The multiplication circuit 40 multiplies the flocculant injection rate determined by the arithmetic circuit 39 by the raw water flow rate F to determine the flocculant injection amount, and controls the stroke length of the flocculant injection pump 38 in accordance with this value.

On the other hand, the pH adjuster 42 adjusts the injection amount of the alkaline agent 12 in order to improve the state of dissociation of the flocculant 13.

That is, the treated water alkalinity AL and the treated water pH are measured, and the alkaline agent injection rate for pH adjustment is determined.

For pH adjustment, a target pH value is usually determined (many places adopt a target pH value of 6.5 to 7.5).

), determine the alkaline agent injection rate so as to cancel out the deviation from the pH of the treated water.

The multiplication circuit 41 multiplies the alkali injection rate and the raw water flow rate F to obtain the alkali injection amount, and the alkali injection pump 3
Control 7.

The flocculant is injected as described above, and even if the particle size of the suspended solids in the raw water changes, the flocculant can be injected appropriately and can maintain good quality clean water. Obtainable.

In the above example, the suspended particle size is the average particle size based on the particle size distribution, but it goes without saying that the particle size of each fine particle may be measured off-line.

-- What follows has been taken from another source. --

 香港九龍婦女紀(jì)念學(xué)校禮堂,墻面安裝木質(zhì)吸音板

As explained above, according to the present invention, the injection rate of the flocculant is determined according to the total surface area of suspended solids in the raw water.
Facilitates good floc formation.

As a result, clean water of stable quality can be obtained.

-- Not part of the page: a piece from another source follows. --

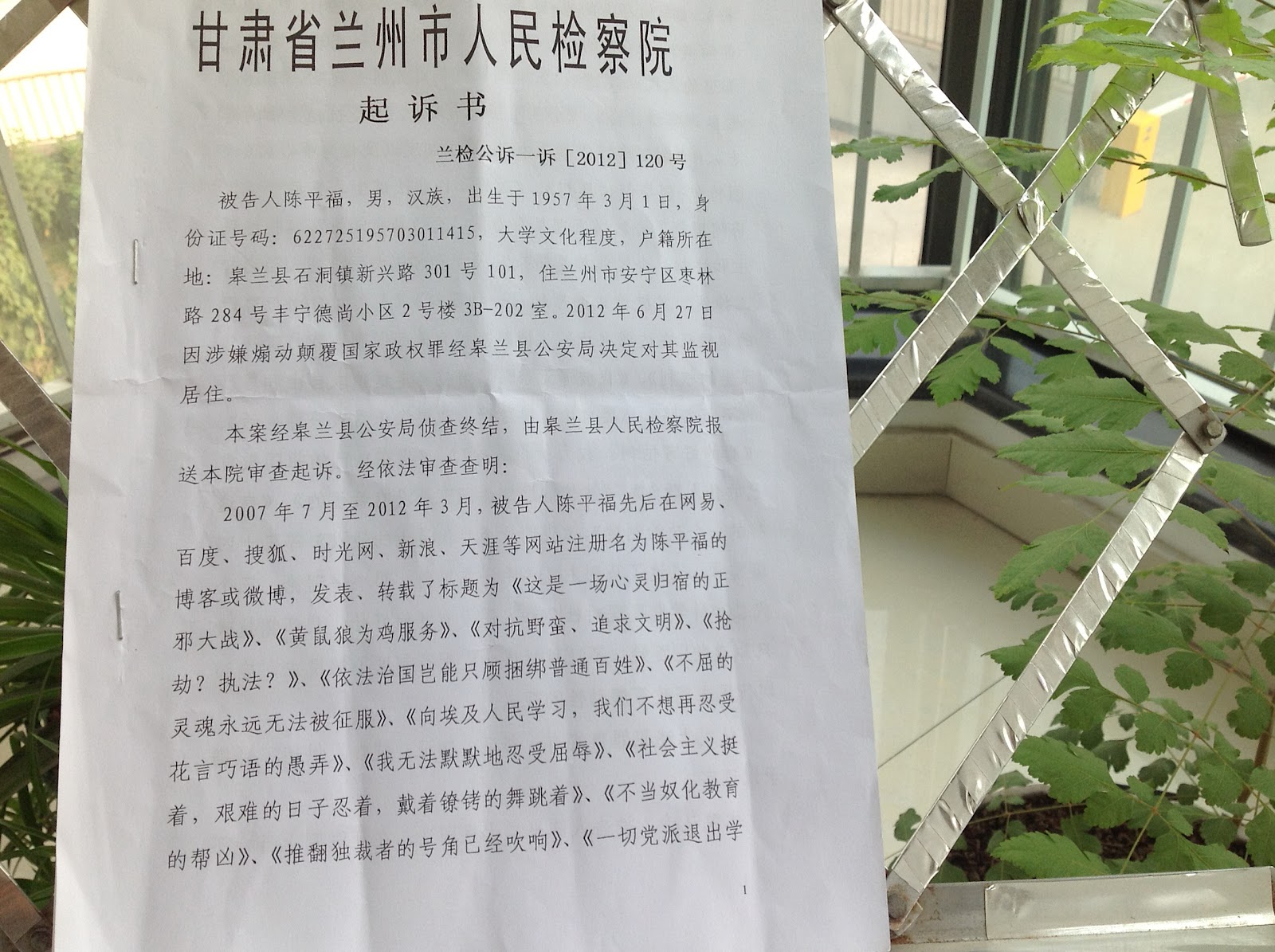 陈平福是因在自己博客上撰文谈政治,被兰州当局指控煽动颠覆国家政权罪的。详见本网相关报道(陈平福被控“煽动颠覆国家政权”,因病被监视居住(图)http://wqw2010.blogspot.com/2012/04/blog-post_7614.html)

[Brief explanation of the drawing]

Figure 1 is a block diagram showing the water treatment process at a water purification plant.
Figure 2 is a diagram showing the state of floc formation by suspended matter in raw water and aluminum colloid, Figure 3 is a configuration diagram showing an embodiment of the present invention, and Figure 4 is a characteristic diagram showing the particle size distribution of suspended matter. be. 1...River, 5...Mixing pond, 13...
...Flocculant, 30...Flowmeter, 31...
...Turbidity meter, 32...Particle size measuring device, 38...
. . . Coagulant injection pump, 39 . . . Arithmetic circuit, 40, 41 . . . Multiplication circuit.

Claims (1)

[Scope of Claims] 1. A mixing pond that is supplied with raw water and injected with a flocculant to form flocs of turbidity in the raw water, a turbidity meter that measures the turbidity of the raw water, and a turbidity meter that measures the turbidity of the raw water; A particle size measuring device that measures the particle size of suspended solids, and calculation for calculating the total surface area of suspended solids contained in a unit volume of raw water using the raw water turbidity and suspended solid particle size measured by the turbidity meter and particle size measuring device. A flocculant injection amount control device for a water purification plant, comprising a circuit and an injection device that determines the flocculant injection rate in proportion to the total surface area of suspended solids determined by the arithmetic circuit. 2. A patent characterized in that the arithmetic circuit calculates the total surface area of suspended solids contained in a unit volume of raw water based on the average particle diameter based on the particle size distribution of suspended solids contained in a unit volume of raw water and the raw water turbidity. A flocculant injection amount control device for a water purification plant according to claim 1.